Silicosis, Complex
Kimberly E. Sanchez, MD
Aqeel A. Chowdhry, MD
Tan-Lucien H. Mohammed, MD, FCCP
Key Facts
Terminology
Complicated pneumoconiosis: Aggregation of nodules into large masses > 1 cm in diameter, evolves from simple pneumoconiosis
Imaging Findings
Progressive massive fibrosis
Usually bilateral in upper lobes and superior segments of lower lobes
Typically more common in dorsal aspect of lung
Right hemithorax earlier and PMF larger than left hemithorax
PMF > 4 cm nearly all contain areas of low attenuation due to central necrosis
If necrosis or cavitation is seen, mycobacterial infection should be considered
As PMF progresses, micronodules decrease in profusion
Initially develop in lung periphery and with time migrate towards hilum
PET can be markedly positive in PMF, likely due to inflammatory cell activity
Top Differential Diagnoses
Talcosis
Tuberculosis (TB)
Sarcoidosis
Pathology
Risk of lung disease related to both dose (intensity) and time (length) of exposure
Diagnostic Checklist
Rapid change in radiographic findings concerning for tuberculosis or carcinoma
TERMINOLOGY
Abbreviations and Synonyms
Complicated pneumoconiosis, progressive massive fibrosis (PMF), anthracosilicosis
Definitions
Lung disease due to inhalation of inorganic mineral dusts containing crystalline silicone dioxide (cement construction products, roof tiles, etc.)
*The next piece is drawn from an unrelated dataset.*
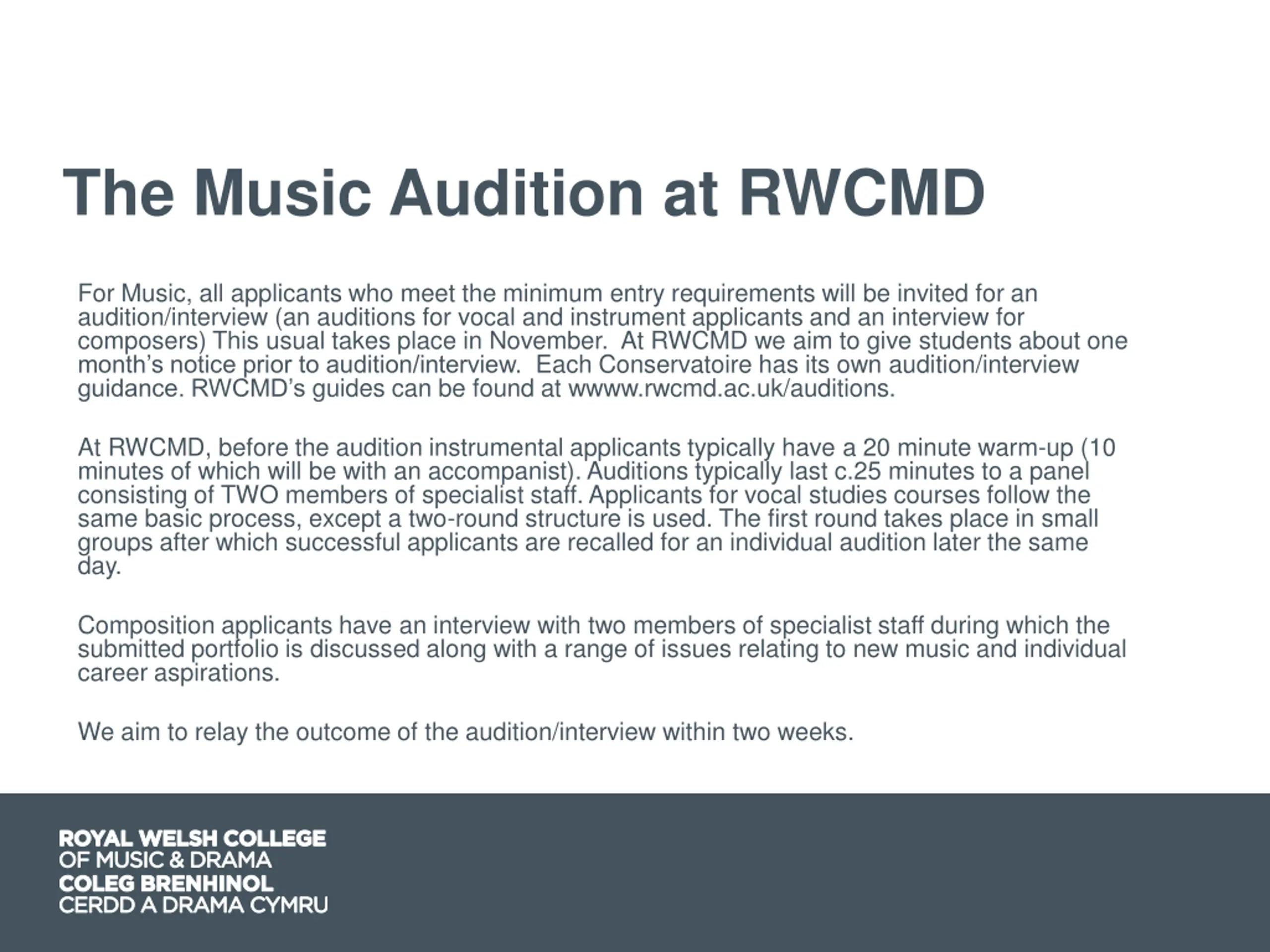 The Music Audition at RWCMD For Music, all applicants who meet the minimum entry requirements will be invited for an audition/interview (an auditions for vocal and instrument applicants and an interview for composers) This usual takes place in November. At RWCMD we aim to give students about one month s notice prior to audition/interview. Each Conservatoire has its own audition/interview guidance. RWCMD s guides can be found at wwww.rwcmd.ac.uk/auditions. At RWCMD, before the audition instrumental applicants typically have a 20 minute warm-up (10 minutes of which will be with an accompanist). Auditions typically last c.25 minutes to a panel consisting of TWO members of specialist staff. Applicants for vocal studies courses follow the same basic process, except a two-round structure is used. The first round takes place in small groups after which successful applicants are recalled for an individual audition later the same day. Composition applicants have an interview with two members of specialist staff during which the submitted portfolio is discussed along with a range of issues relating to new music and individual career aspirations. We aim to relay the outcome of the audition/interview within two weeks.

Complicated pneumoconiosis: Aggregation of nodules into large masses > 1 cm in diameter, evolves from simple pneumoconiosis
Advanced coalescence is known as progressive massive fibrosis
IMAGING FINDINGS
General Features
Best diagnostic clue: Micronodular interstitial thickening in upper lung zones with posterior (dorsal) predominance
Patient position/location
Rounded dusts predominately affect upper lung zones
Coal dust accumulates around respiratory bronchioles (coal dust macule)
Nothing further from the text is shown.